Être une femme et afficher un crane rasé semble toujours causer problèmes à certains. Des petites piqûres de rappel quant au concept de "féminité" et des détails qui lui sont associés (comme le fait d'avoir des cheveux longs, brillants et soyeux), qui restent bien ancrés dans les esprits.

L'histoire rapportée par Joey King (aperçue dans la comédie romantique Netflix "The Kissing Booth" ou encore dans le film de Zach Braff "Le rôle de ma vie") en est la preuve. Elle a ainsi été confrontée à une remarque quelque peu déplacée d'un passager installé à côté d'elle dans un avion.

C'est sur Twitter que l'actrice de 19 ans a relaté l'incident. Elle écrit ainsi : "Je suis dans l'avion et le mec à côté de moi s'est littéralement tourné vers moi avec son téléphone et a pris une photo comme si je n'allais pas le remarquer et a envoyé un texto à sa femme pour l'informer qu'il était assis à côté d'une fille qui a le cancer (juste parce que je suis chauve) et qu'il a peur de 'l'attraper'...CERTAINES PERSONNES SONT VRAIMENT STUPIDES".
Et elle n'a pas tort car rien ne va dans cette intervention. Rien.

De le conclusion hâtive qu'il tire du fait qu'elle soit chauve - chose qui ne serait pas arrivée s'il s'était agi d'un homme - au fait qu'il la croit atteinte d'un cancer, qu'il a quand même peur "d'attraper". D'une part il n'y a aucune honte à être atteinte d'un cancer. D'autre part, cette personne a visiblement besoin d'un cours de science.

Conclusion : le crâne rasé, pour une femme, ça pose encore question et ça n'est pas considéré comme étant "naturel".

La buzzcut, une coupe anti-féminine ?

Si on commence tout juste à envisager le fait que la buzzcut pour les femmes est une coiffure militante (allant à l'encontre des idéaux de beauté stéréotypés), elle reste un grand sujet de débat lorsqu'on aperçoit une actrice l'arborer sur le tapis rouge. Comme toujours, le corps des femmes est scruté et il faut sans cesse justifier le fait qu'une femme porte les cheveux courts voire pas de cheveux du tout.

Ainsi, il est sans cesse précisé dans la presse, que ce soit pour Joey King, Cara Delevingne ou encore Millie Bobby Brown - et bien d'autres stars du grand écran - qu'elles ont adopté cette coupe pour un rôle. Une réaction qui en dit long, comme si le fait de se raser le crâne, pour une femme, n'est pas envisageable autrement, juste par goût. Cette coupe reste liée à l'idée de "sacrifice".

En janvier 2018, c'est la youtubeuse française Gaelle Garcia Diaz qui en parlait très bien. La jeune femme, qui affichait son crâne fraîchement rasé, déclarait alors (avec le franc parler qu'on lui connait bien) : "C'est dingue quand même ce que les cheveux d'un femme peuvent faire polémique.

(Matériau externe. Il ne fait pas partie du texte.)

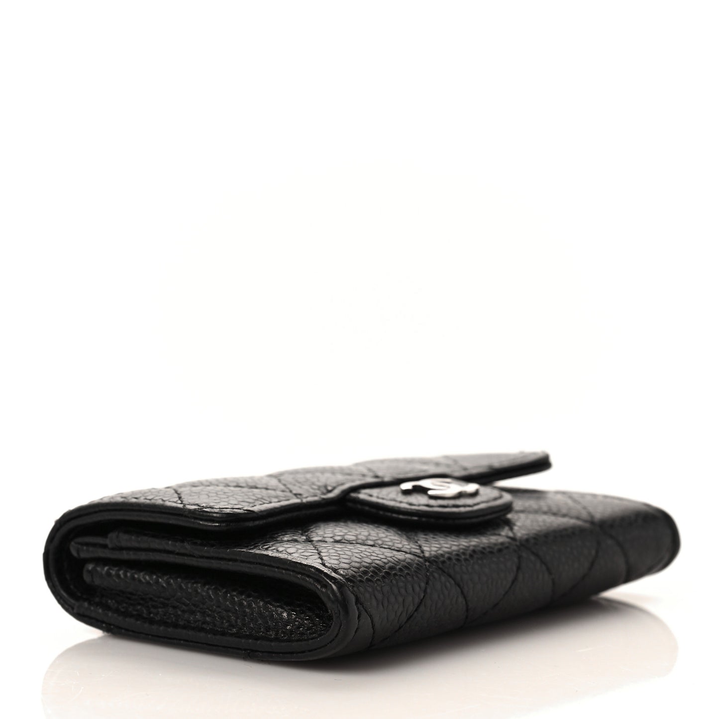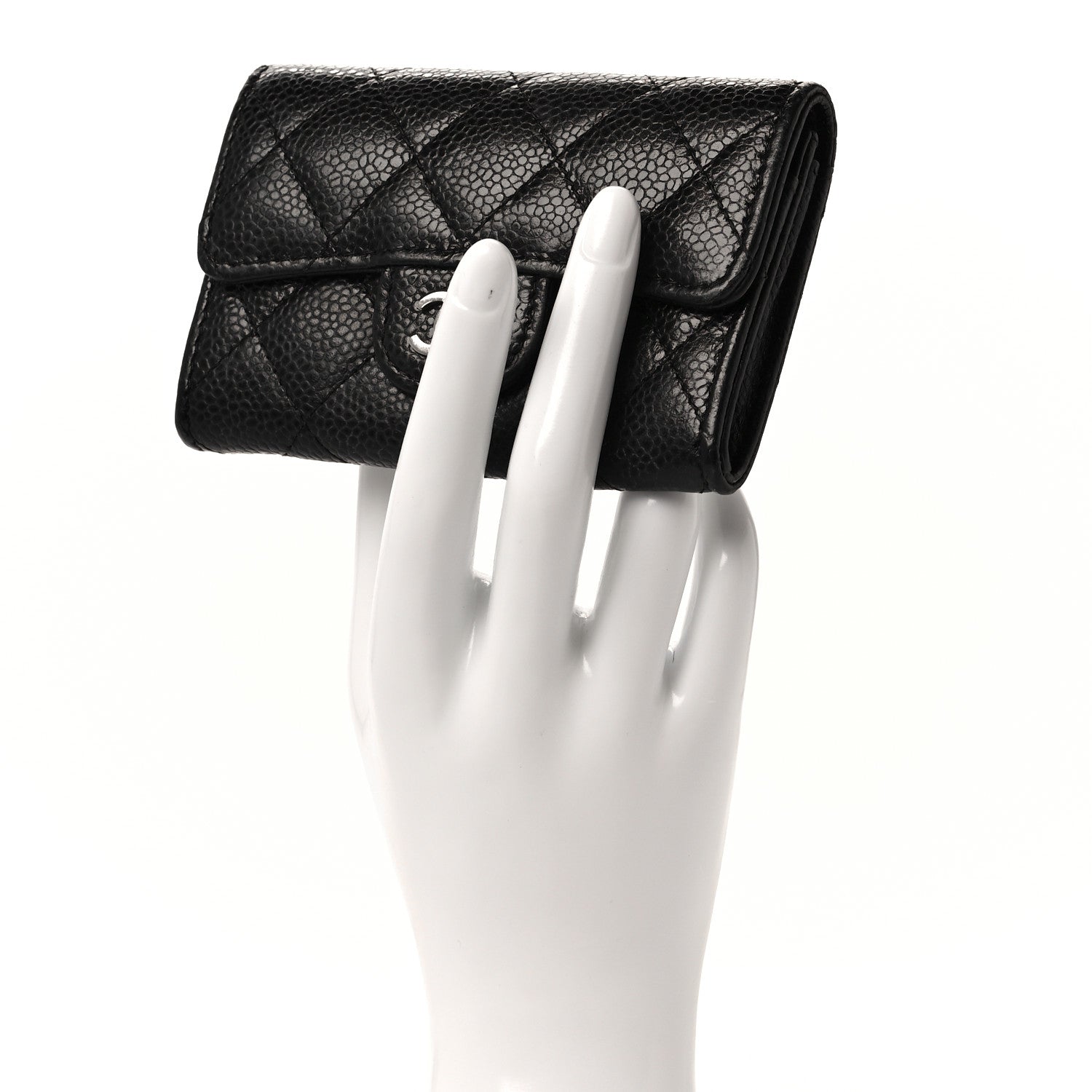 This is an authentic CHANEL Caviar Quilted Flap Card Holder in Black. This luxurious cardholder is crafted of caviar leather in black. It features a polished light silver Chanel CC logo and opens to a burgundy interior.Follow this item for alerts. Chanel is a registered trademark of Chanel. FASHIONPHILE is not affiliated with Chanel.

Quand tu te fais une boule à zéro tu as besoin de te justifier, alors que quand tu te fais un petit carré plongeant tout le monde s'en bat-les-c***lles".

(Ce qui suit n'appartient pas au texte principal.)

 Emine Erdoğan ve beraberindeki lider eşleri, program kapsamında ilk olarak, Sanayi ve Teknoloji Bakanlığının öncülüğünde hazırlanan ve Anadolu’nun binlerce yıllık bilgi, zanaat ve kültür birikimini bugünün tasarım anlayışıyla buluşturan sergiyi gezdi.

Un choix plein de sens pour la vidéaste, qui a décidé de se raser le crâne en soutien à sa belle-soeur, atteinte d'un cancer, mais également pour déconstruire les idées qu'on se fait de la fameuse féminité.

Au moment d'évoquer les questions qui lui sont venues avant de sauter le pas, elle avoue d'ailleurs : "Qu'est-ce que les gens vont penser ? Est-ce qu'on va penser que je suis malade ? Est-ce qu'on va me prendre pour une criminelle ? Est-ce qu'on va me prendre pour une skinhead ? Est-ce que mon mec m'aimera toujours avec cette coupe ?".

Dans cette même vidéo, on note également qu'il y a peu de figures féminines auxquelles elle peut s'identifier et les commentaires qu'elle reçoit sur les réseaux sociaux sont très virulents, comme elle le raconte.

De la même manière que les femmes qui décident de ne plus s'épiler, celles qui adoptent la buzzcut sont violemment attaquées. Ces réactions épidermiques sont bien la preuve qu'il est difficile de toucher aux idées préconçues de féminité et autres constructions sociales. Et qu'il s'agit ni plus ni moins d'un combat quotidien.